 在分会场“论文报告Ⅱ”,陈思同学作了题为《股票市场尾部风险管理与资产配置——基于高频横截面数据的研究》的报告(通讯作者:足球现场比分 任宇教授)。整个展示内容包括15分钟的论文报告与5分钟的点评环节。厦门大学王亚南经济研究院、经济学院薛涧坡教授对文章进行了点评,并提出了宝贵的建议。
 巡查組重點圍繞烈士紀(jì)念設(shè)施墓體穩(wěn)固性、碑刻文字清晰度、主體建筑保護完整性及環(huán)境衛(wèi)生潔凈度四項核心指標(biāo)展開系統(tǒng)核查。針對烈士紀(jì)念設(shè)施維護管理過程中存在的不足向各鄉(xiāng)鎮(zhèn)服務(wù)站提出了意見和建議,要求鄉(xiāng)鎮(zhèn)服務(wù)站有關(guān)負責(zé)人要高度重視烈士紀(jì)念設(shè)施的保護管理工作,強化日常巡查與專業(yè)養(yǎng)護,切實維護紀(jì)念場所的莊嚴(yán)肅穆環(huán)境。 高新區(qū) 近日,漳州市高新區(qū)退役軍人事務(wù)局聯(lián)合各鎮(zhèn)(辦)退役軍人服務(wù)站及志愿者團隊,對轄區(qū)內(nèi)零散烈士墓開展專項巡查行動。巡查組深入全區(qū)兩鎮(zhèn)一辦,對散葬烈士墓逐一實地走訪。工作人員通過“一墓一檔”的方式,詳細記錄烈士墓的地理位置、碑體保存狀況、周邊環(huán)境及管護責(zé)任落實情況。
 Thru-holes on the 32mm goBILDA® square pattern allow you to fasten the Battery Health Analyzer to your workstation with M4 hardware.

--

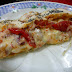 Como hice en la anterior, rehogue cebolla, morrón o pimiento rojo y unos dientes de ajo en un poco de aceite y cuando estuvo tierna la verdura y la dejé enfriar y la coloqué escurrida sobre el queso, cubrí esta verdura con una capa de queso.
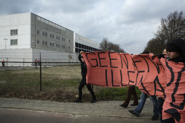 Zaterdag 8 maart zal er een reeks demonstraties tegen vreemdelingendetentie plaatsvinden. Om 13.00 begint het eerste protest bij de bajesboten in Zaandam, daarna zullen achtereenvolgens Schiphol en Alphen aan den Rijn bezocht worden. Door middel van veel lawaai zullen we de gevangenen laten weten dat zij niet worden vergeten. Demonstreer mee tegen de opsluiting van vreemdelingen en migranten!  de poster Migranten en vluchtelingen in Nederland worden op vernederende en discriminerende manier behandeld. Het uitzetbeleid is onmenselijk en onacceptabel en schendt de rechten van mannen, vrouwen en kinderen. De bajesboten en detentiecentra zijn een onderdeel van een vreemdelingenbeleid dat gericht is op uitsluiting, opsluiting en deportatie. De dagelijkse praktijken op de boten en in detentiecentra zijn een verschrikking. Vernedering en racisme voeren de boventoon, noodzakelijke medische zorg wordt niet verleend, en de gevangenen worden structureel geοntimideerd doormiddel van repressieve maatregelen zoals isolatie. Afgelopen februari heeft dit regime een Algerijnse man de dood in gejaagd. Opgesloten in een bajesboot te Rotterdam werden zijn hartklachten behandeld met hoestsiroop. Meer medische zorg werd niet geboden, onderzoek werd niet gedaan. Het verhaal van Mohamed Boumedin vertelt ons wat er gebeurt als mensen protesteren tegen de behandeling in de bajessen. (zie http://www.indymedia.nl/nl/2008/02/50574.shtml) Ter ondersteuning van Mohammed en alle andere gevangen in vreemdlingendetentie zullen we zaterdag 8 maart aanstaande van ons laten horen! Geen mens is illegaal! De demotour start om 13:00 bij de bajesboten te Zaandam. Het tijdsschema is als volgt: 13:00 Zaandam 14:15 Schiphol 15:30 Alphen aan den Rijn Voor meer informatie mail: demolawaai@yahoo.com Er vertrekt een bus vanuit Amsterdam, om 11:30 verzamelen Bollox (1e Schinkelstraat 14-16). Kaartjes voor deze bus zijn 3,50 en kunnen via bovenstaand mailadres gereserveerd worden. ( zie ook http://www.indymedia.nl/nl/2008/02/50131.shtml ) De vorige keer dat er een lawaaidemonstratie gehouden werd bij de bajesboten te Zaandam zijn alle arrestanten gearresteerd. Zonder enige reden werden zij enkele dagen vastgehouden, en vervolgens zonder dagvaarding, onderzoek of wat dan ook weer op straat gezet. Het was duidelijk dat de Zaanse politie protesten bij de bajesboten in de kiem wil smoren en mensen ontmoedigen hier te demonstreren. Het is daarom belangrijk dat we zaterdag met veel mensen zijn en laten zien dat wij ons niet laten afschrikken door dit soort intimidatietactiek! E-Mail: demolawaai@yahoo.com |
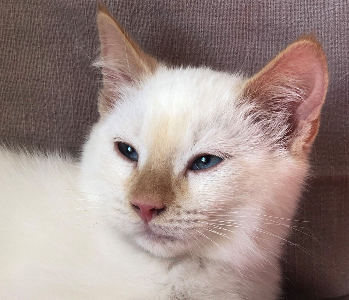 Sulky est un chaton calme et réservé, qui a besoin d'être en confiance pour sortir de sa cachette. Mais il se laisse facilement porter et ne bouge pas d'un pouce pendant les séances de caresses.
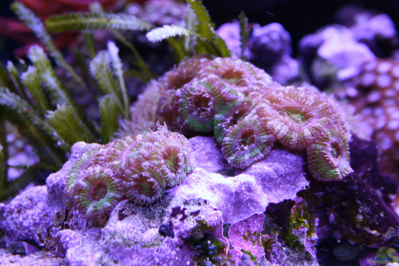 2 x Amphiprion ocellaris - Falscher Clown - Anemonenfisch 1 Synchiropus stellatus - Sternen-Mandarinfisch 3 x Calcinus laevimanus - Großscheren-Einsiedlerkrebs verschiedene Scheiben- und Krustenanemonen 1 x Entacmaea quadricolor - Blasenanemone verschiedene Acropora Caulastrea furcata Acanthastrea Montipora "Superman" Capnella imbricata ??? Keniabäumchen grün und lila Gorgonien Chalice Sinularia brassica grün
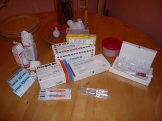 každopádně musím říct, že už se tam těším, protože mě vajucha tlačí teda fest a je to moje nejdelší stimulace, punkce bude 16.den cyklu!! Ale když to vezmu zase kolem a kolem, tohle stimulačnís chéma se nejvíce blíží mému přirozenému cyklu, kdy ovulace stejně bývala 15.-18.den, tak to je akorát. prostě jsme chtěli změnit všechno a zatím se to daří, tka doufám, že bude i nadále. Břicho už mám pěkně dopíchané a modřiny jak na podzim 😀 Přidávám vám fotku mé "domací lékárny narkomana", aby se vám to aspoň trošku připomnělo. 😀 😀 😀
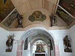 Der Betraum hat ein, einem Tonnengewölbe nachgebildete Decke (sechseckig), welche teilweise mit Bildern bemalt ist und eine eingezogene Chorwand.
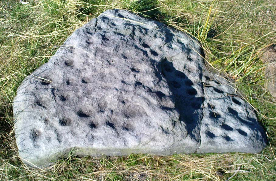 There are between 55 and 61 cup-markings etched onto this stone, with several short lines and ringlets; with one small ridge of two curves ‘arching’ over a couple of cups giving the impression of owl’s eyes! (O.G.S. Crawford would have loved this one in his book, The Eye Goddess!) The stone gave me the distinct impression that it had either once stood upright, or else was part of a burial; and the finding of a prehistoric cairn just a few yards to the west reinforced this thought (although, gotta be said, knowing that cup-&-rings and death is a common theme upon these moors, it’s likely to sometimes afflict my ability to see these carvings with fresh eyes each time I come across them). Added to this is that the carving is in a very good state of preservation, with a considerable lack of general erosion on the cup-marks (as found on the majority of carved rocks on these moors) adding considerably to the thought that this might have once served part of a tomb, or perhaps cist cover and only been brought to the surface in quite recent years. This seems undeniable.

---

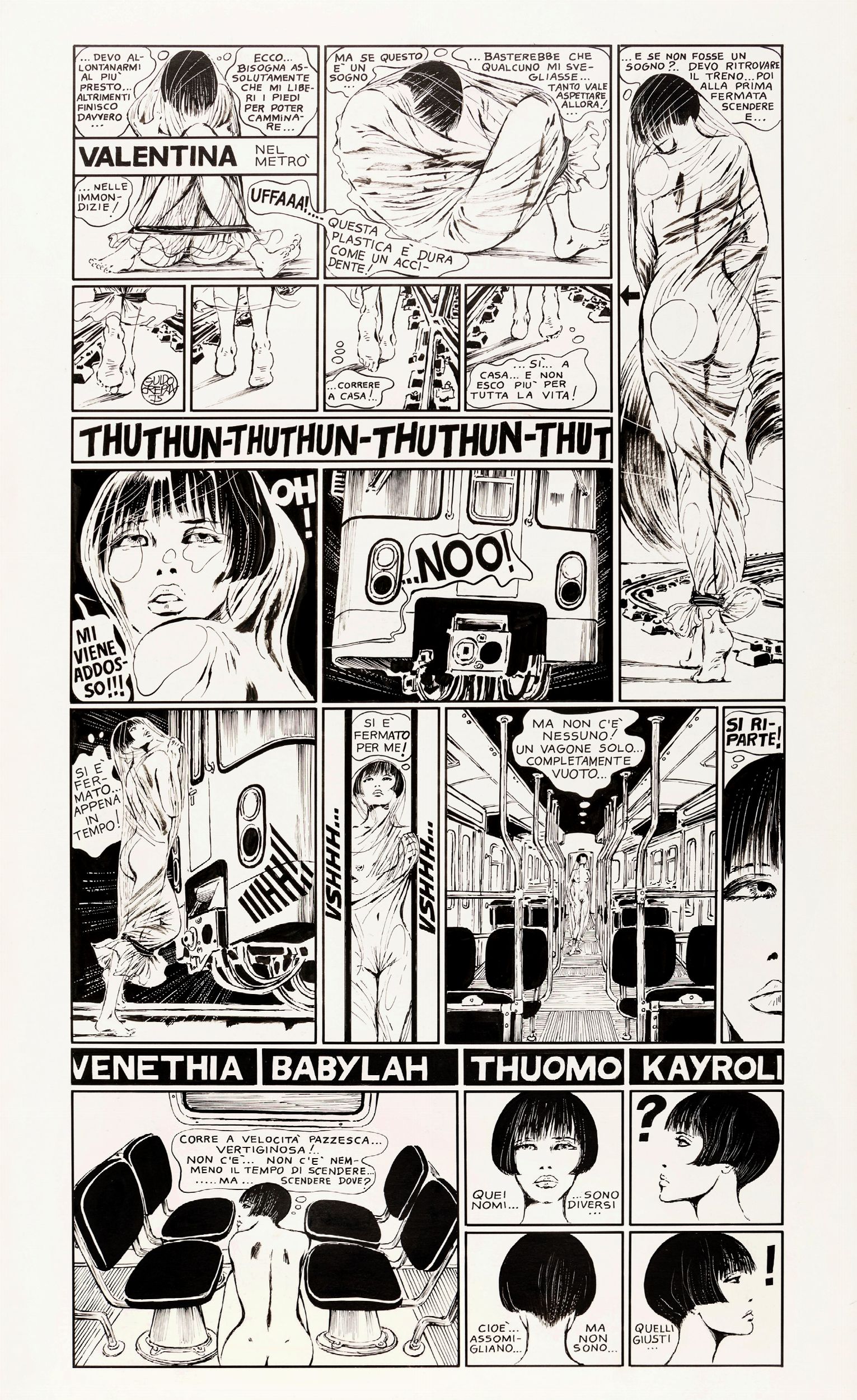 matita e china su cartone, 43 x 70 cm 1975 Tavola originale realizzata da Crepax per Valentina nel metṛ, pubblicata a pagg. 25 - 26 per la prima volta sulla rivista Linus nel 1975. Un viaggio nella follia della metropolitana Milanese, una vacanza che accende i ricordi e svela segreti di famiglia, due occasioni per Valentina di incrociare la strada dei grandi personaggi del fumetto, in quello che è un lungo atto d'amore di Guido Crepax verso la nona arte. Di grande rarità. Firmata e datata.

What this task involves :: In the listing above, find the line containing "Sulky est un" and the line containing "Der Betraum hat", then write out both of them and every line between, exactly, with no pictures.

Solved exercise ::
 Sulky est un chaton calme et réservé, qui a besoin d'être en confiance pour sortir de sa cachette. Mais il se laisse facilement porter et ne bouge pas d'un pouce pendant les séances de caresses.
 2 x Amphiprion ocellaris - Falscher Clown - Anemonenfisch 1 Synchiropus stellatus - Sternen-Mandarinfisch 3 x Calcinus laevimanus - Großscheren-Einsiedlerkrebs verschiedene Scheiben- und Krustenanemonen 1 x Entacmaea quadricolor - Blasenanemone verschiedene Acropora Caulastrea furcata Acanthastrea Montipora "Superman" Capnella imbricata ??? Keniabäumchen grün und lila Gorgonien Chalice Sinularia brassica grün
 každopádně musím říct, že už se tam těším, protože mě vajucha tlačí teda fest a je to moje nejdelší stimulace, punkce bude 16.den cyklu!! Ale když to vezmu zase kolem a kolem, tohle stimulačnís chéma se nejvíce blíží mému přirozenému cyklu, kdy ovulace stejně bývala 15.-18.den, tak to je akorát. prostě jsme chtěli změnit všechno a zatím se to daří, tka doufám, že bude i nadále. Břicho už mám pěkně dopíchané a modřiny jak na podzim 😀 Přidávám vám fotku mé "domací lékárny narkomana", aby se vám to aspoň trošku připomnělo. 😀 😀 😀
 Der Betraum hat ein, einem Tonnengewölbe nachgebildete Decke (sechseckig), welche teilweise mit Bildern bemalt ist und eine eingezogene Chorwand.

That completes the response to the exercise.